HomeNewsLocal leader struggling to get help in fighting fraud

Local leader struggling to get help in fighting fraud

Juanita Jones has been working in Jackson for more than a decade, serving as the founder and director of the non-profit Keep My Hood Good.

The organization’s objective is to give children something to do after school and in the summer that would hopefully keep them off the streets and give them a sense of belonging.

She was elected to the Madison County Commission last summer, replacing the seat that had been held for years by Katie Brantley.

She lives in East Jackson, and in the last three years, she’s become the victim of home renovation contractor fraud who require upfront payment for work to be done on her home but didn’t complete the job. And her efforts to get her money back or get justice for the wrongdoings have been fruitless so far.

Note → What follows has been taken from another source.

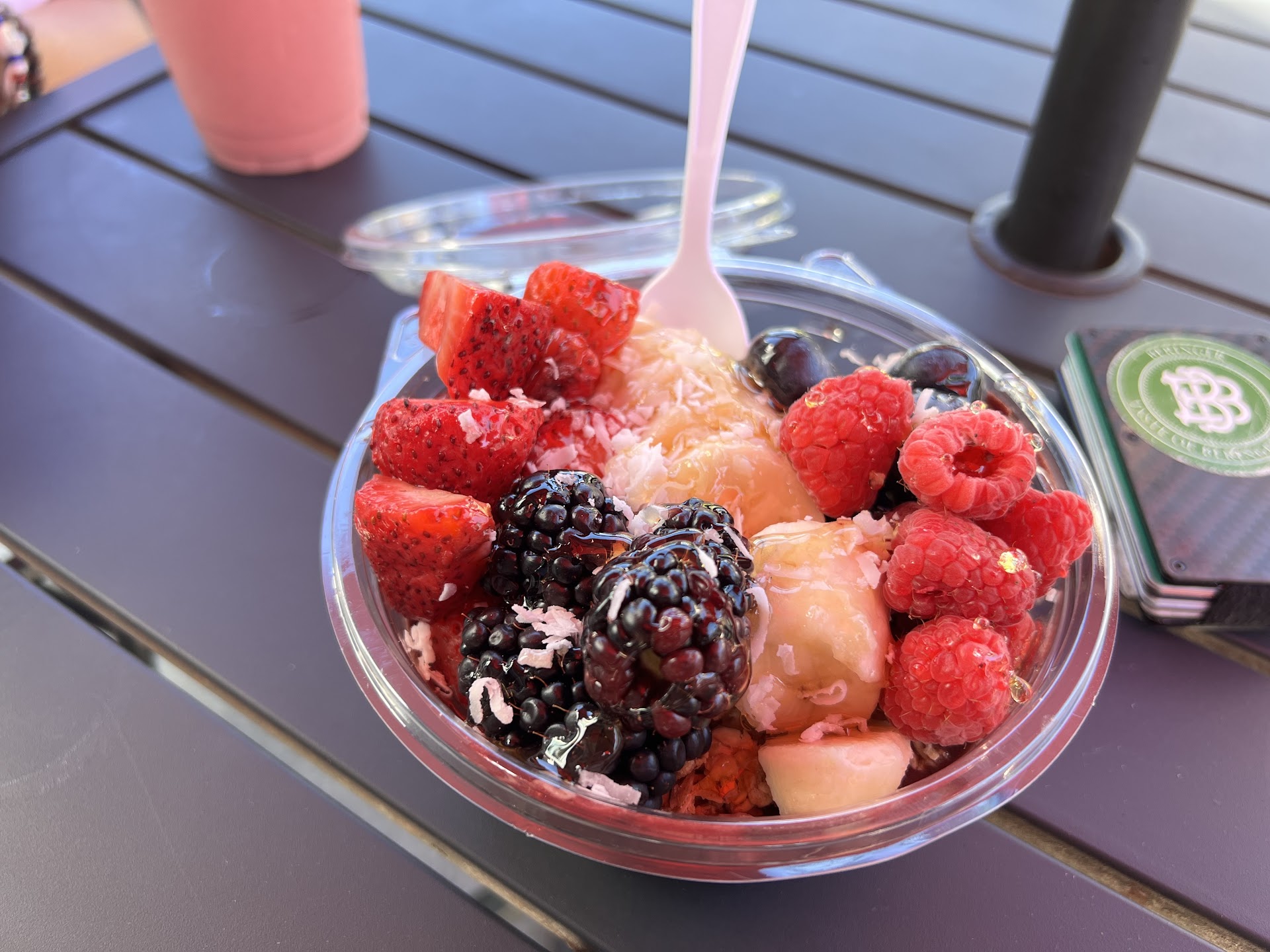 The acai bowl and crepe were delicious, and both came with a lot fruit. The thai tea was also good.

“It’s frustrating because there are people out here scamming others, and there’s a lot of work that has to be done to bring these people to justice and either get the money back since they did a little work which was less than 10 percent of the renovation or hold them accountable for their actions,” Jones said. “And I’m at a point where I don’t know what else to do.”

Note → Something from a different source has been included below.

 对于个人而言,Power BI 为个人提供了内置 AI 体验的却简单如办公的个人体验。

Jones’ problems started in the fall of 2020 when she got estimates from three contractors to renovate her home from a one-story, two-bedroom home to three bedrooms on two levels.

According to Jones, she chose a contractor named Jacob Smith with Hub City Renovations to do the work for a total of $40,000 – $15,000 in materials and $25,000 in labor – with a completion date set of March of 2021.

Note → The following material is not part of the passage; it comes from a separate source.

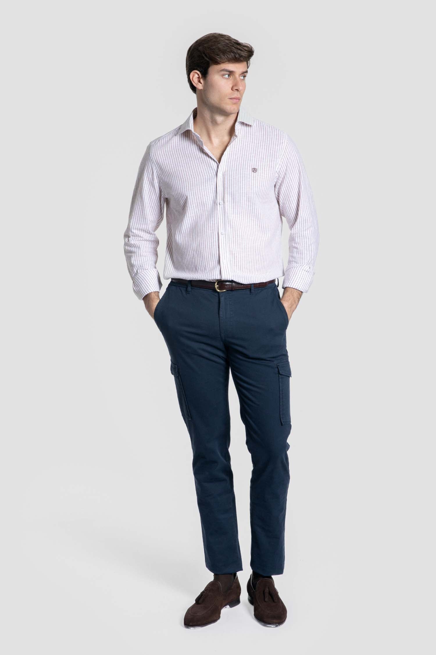 Camisa de rayas en tonos camel con escudo bordado a juego, diseñada para colecciones de moda versátil. Corte clásico que combina con cualquier base de armario, ideal para tiendas que buscan prendas de calidad con detalles distintivos. Perfecta como pieza clave para propuestas casuales y smart-casual.

“On Dec. 28 of that year, I’d written checks to Jacob that brought the total I’d paid out to that point to $24,110 in labor and $13,287.79 in materials,” Jones said. “And on that day, Dec. 28, he called and told me that he’d had a friend install a gas line, and I needed to pay $950 to Jason Wilson from BTY Heating and Air.”

Except there were some problems.

“There’s never been a trace of any kind of gas line being put anywhere in my house or on my property,” Jones said. “There was never any dirt turned over and other contractors have been in my house since then and haven’t been able to find a gas line that looks like it was installed that recent.”

When Jones talked to Wilson about that issue, she said he pressed her for the money and went ahead and paid it after he mentioned in a way that made her fearful for her safety that he knew where she lived.

After the conversation with Smith on Dec. 28, Jones never saw him again at her renovated house. When she called him asking what was going on on Jan. 25, 2021, he said he was getting behind on his work because of supply shortages, worker shortages and the workers he did have stealing hours from him.

He said Jones’ house was on his schedule for February and he would be there then to continue the work.

Jones said on Feb. 8, a window she’d bought was stolen as had one of Smith’s saws and she needed to get another one for him. He said he’d be back in two weeks to hang sheet rock and lay tile on her floors after that. But he never showed up as there was a reason the work was being pushed back two to four weeks.

That trend continued with delayed work and more money being paid out by Jones, including purchasing 90 roofing squares.

“I found out later that 90 roofing squares was enough to roof my house three times over,” Jones said.

By July of 2021, she let Smith know she was terminating the contract and wanted her money back. She scheduled a time to meet him at Jackson Police Headquarters for him to repay her the money. When he didn’t show, she filed a civil suit against him in Madison County General Sessions court, wanting $12,200 back.

A month later when the work he had done didn’t pass inspection, she amended her suit, wanting her full payment of $37,000 back.

“I’ve got saved texts and screenshots documenting all of this,” Jones said. “And it’s sad and frustrating because I live in East Jackson, and I was trying to beautify my home and make it nicer.

“A lot of people in East Jackson want to do that, but because scammers and predators feel like they can come to our area of town and get away with actions like this, the people who try to make their homes look nicer wind up losing thousands of dollars and many of us have a hard time making that money back. So when people from other areas of town assume that no one in East Jackson cares about their neighborhood, they need to know that’s not accurate. Some of us have been scammed, and sometimes getting help is difficult.”

Jones and Smith went to court in December, but that was delayed when Judge Don Allen advised Jones to get an attorney, which she did.

When she figured out a civil suit would be fruitless because suing for money would get her nothing, she filed criminal charges.

She filed reports with JPD, and investigators have taken her story.

The District Attorney’s office has taken her statements as well.

But both entities have said the other had a failing in their investigation processes that keep them from taking action.

“The DA’s office told me if I can get a receipt at Lowe’s that has items on it that I never received, that would help them a lot,” Jones said. “But there’s still a lot of finger pointing between them and JPD, my Attorney and even the sheriff’s office when I’ve talked to them.”

She’s recently gone to the Circuit Court Clerk’s office to file documents calling for garnishing Wilson’swages.

“We keep hearing that we need to trust the system and it works for all of us, but getting the system to work shouldn’t be this hard,” Jones said. “There’s a lot of things that can be done to help the situation in East Jackson, and doing more to make sure these predators can’t take advantage of others like what gets done in our area of town so often would be a great first step.”